*Problem requirements*. In the records below, find the line containing "LANPWR LiFePO4 battery" and the line containing "Gray Milan Knit". Give again exactly those lines and every line between them, omitting the pictures.
______________________________
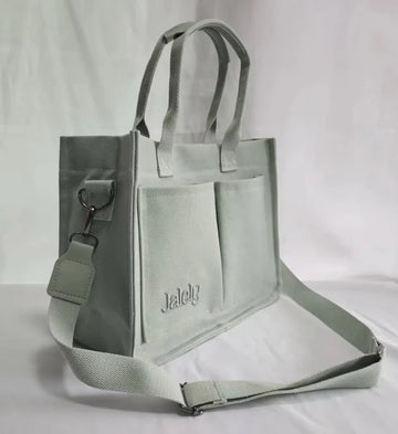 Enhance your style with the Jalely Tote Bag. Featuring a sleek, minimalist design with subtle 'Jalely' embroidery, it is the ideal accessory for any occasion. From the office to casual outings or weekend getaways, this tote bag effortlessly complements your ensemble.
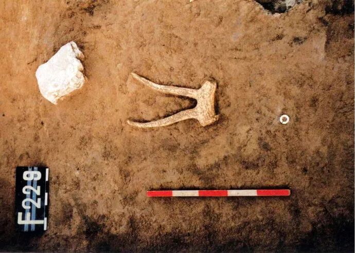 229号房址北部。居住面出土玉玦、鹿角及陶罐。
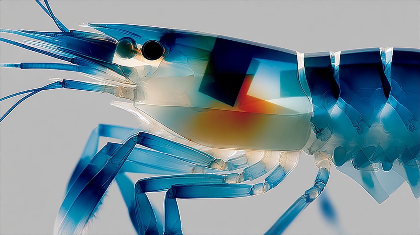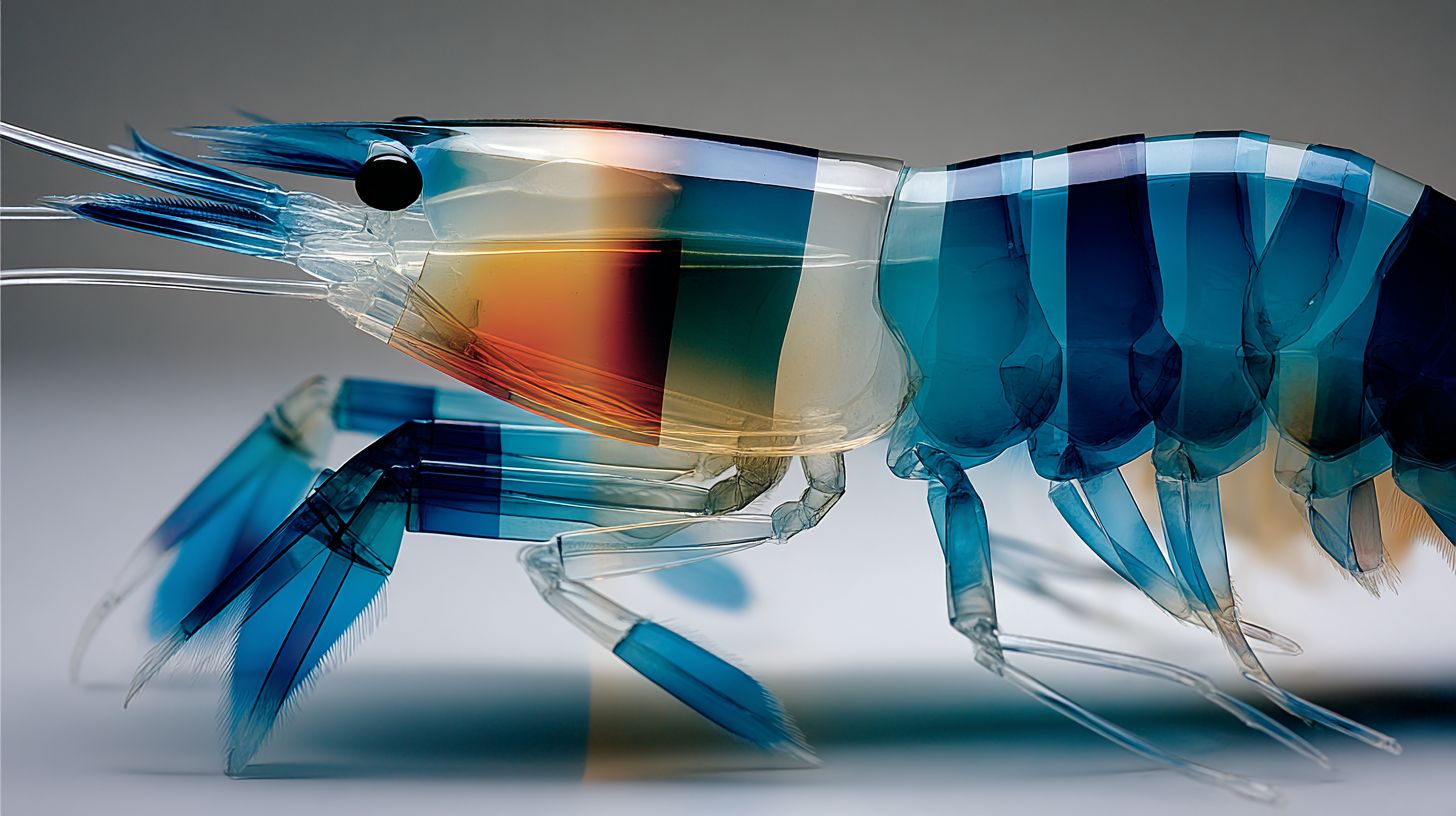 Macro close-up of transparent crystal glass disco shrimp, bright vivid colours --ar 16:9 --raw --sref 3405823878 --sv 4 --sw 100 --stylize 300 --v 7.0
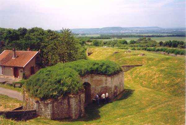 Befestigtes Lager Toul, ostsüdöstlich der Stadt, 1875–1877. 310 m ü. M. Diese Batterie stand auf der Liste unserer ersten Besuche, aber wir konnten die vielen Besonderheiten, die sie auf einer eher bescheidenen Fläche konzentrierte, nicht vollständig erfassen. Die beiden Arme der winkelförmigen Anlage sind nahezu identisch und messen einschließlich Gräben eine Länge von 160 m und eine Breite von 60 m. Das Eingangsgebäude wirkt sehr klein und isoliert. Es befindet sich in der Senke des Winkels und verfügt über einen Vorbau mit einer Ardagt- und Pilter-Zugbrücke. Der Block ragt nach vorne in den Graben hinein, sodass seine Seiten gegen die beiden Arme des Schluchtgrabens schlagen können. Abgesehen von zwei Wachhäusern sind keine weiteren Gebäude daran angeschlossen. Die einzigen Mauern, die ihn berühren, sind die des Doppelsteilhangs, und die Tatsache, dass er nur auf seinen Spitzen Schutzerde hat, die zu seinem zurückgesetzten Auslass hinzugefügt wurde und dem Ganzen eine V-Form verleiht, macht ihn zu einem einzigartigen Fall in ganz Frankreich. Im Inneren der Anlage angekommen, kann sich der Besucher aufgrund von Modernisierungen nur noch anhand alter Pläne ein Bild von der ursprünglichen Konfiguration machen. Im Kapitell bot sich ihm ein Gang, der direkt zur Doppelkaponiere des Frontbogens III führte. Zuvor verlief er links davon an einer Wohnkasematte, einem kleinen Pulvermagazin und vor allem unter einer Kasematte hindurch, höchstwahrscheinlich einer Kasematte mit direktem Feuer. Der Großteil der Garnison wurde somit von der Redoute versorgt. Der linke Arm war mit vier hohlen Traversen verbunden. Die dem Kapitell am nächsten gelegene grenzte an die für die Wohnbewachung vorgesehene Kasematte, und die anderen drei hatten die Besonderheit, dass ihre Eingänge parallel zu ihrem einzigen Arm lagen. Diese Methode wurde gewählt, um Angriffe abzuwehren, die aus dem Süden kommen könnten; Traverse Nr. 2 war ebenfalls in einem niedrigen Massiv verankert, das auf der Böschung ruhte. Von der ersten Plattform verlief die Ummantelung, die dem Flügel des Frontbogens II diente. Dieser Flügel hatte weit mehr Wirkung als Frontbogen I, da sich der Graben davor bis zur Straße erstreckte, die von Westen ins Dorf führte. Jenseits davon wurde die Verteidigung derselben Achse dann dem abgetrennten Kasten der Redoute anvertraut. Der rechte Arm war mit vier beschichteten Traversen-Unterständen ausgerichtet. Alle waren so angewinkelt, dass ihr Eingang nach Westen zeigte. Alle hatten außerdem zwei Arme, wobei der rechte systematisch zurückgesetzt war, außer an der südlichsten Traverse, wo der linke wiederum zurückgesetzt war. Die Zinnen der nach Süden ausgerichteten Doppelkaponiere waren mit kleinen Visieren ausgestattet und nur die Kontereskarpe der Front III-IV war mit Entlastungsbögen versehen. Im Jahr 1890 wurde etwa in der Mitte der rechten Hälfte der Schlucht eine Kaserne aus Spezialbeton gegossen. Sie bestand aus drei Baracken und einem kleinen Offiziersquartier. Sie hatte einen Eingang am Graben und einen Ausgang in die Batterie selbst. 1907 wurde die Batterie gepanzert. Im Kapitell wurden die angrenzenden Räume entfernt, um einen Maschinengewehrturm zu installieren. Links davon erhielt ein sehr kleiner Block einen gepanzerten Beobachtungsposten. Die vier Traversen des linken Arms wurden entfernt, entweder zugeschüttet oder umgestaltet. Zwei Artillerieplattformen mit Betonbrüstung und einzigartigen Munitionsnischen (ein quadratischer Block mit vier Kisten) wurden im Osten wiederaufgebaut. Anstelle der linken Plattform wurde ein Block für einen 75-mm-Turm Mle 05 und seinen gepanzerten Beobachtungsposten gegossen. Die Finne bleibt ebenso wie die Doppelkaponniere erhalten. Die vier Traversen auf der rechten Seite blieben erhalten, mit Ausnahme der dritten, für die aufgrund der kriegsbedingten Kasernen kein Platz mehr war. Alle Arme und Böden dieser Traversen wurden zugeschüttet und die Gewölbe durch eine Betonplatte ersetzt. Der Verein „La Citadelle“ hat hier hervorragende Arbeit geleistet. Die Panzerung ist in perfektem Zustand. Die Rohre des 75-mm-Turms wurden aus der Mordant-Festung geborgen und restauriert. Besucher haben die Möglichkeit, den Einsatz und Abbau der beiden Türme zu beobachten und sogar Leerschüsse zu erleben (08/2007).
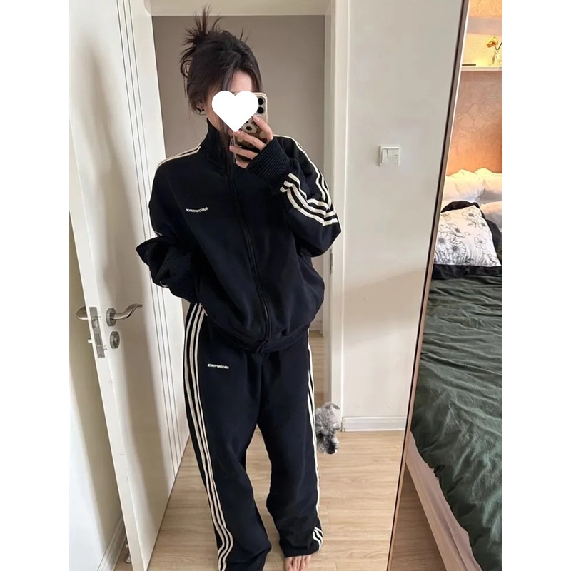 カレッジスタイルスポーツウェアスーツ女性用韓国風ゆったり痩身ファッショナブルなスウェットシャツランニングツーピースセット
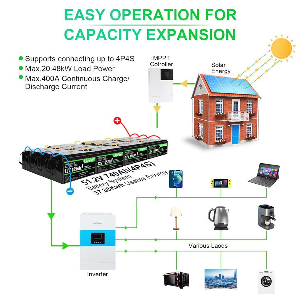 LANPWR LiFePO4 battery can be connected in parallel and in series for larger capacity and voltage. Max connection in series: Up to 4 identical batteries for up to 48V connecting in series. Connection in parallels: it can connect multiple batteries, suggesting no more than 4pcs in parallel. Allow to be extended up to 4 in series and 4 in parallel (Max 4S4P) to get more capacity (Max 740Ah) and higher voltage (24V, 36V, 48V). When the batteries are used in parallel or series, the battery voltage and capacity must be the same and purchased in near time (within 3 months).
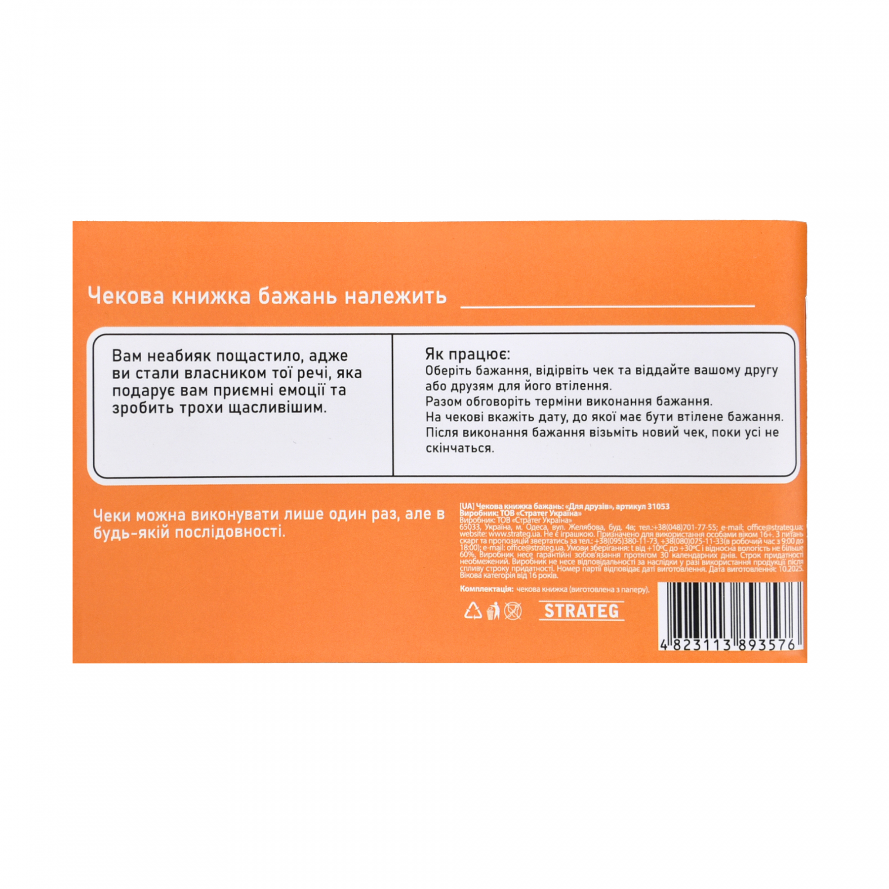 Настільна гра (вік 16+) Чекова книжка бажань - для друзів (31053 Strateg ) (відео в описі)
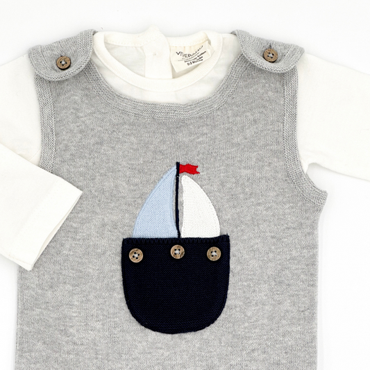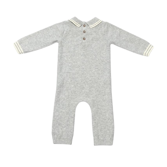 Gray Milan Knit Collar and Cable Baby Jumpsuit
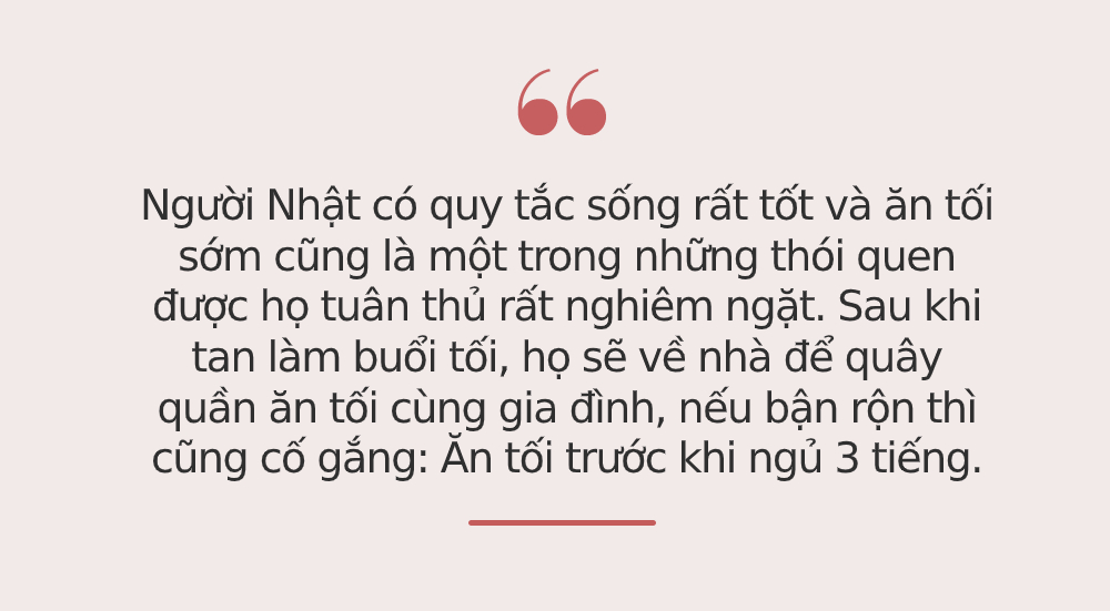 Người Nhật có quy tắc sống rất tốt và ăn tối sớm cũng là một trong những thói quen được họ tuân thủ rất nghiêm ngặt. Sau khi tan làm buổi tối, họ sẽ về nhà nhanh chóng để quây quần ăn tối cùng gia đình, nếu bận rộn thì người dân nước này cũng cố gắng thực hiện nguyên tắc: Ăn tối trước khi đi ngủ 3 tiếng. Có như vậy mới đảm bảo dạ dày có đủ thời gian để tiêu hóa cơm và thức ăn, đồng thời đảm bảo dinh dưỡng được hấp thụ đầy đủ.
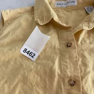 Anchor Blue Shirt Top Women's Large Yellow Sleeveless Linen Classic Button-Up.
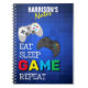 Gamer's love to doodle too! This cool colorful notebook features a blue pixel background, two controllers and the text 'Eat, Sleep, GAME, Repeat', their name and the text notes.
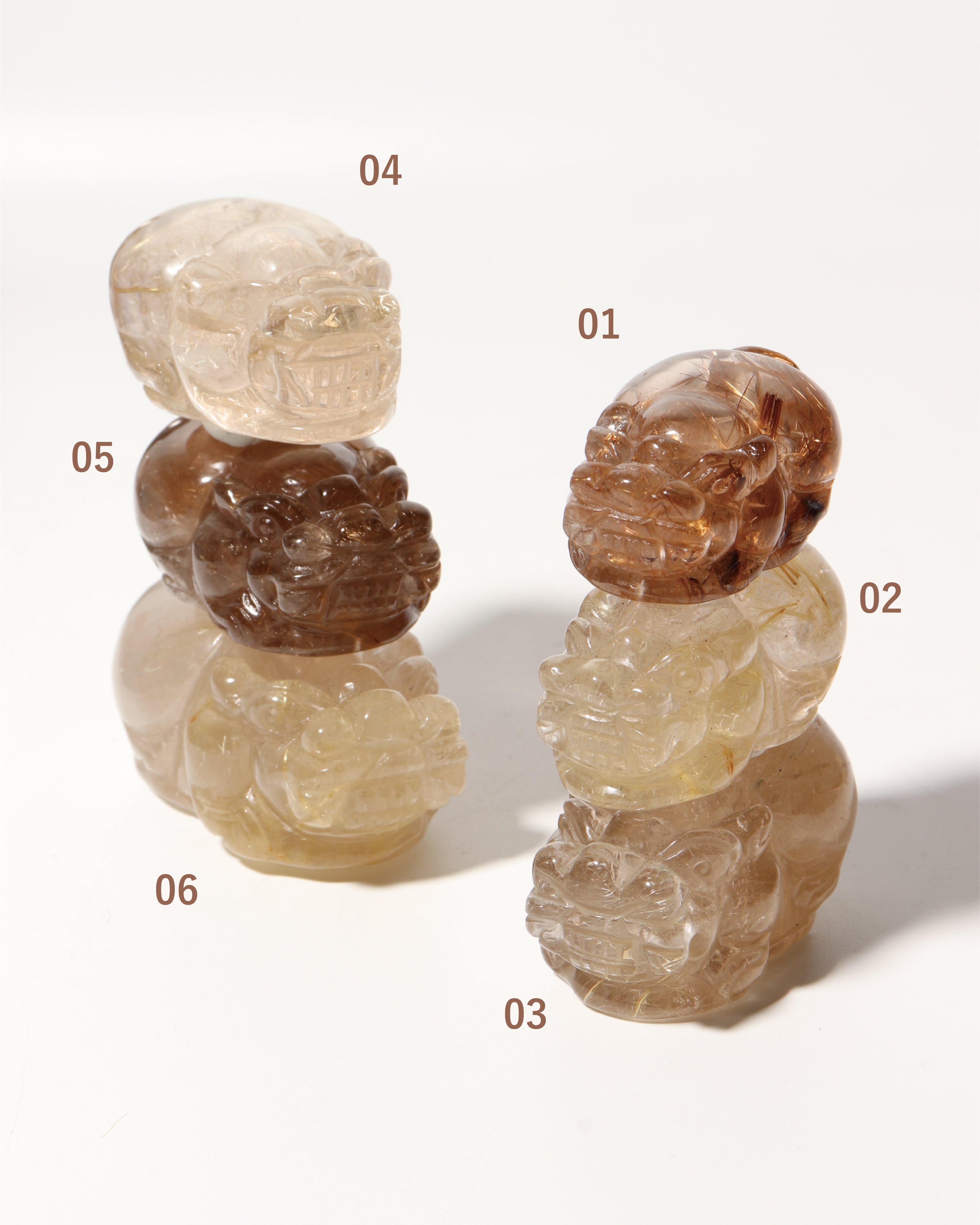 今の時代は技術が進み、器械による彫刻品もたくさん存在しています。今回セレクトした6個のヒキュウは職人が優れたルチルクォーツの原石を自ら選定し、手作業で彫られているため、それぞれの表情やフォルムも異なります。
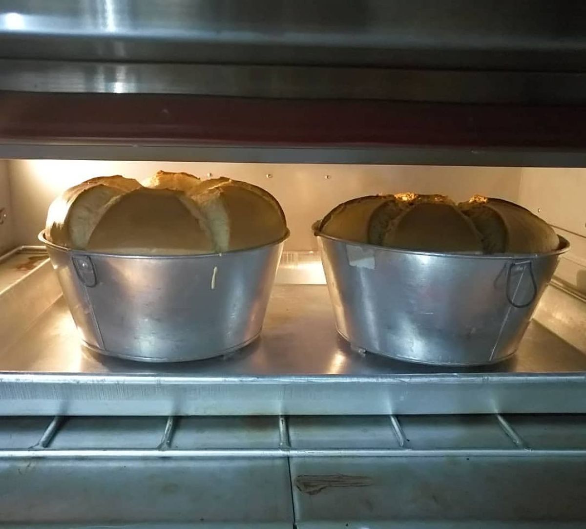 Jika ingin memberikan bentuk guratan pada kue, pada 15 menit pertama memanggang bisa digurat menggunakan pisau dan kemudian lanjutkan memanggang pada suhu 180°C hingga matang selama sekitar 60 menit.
______________________________
*Written response*.
 LANPWR LiFePO4 battery can be connected in parallel and in series for larger capacity and voltage. Max connection in series: Up to 4 identical batteries for up to 48V connecting in series. Connection in parallels: it can connect multiple batteries, suggesting no more than 4pcs in parallel. Allow to be extended up to 4 in series and 4 in parallel (Max 4S4P) to get more capacity (Max 740Ah) and higher voltage (24V, 36V, 48V). When the batteries are used in parallel or series, the battery voltage and capacity must be the same and purchased in near time (within 3 months).
 Настільна гра (вік 16+) Чекова книжка бажань - для друзів (31053 Strateg ) (відео в описі)
 Gray Milan Knit Collar and Cable Baby Jumpsuit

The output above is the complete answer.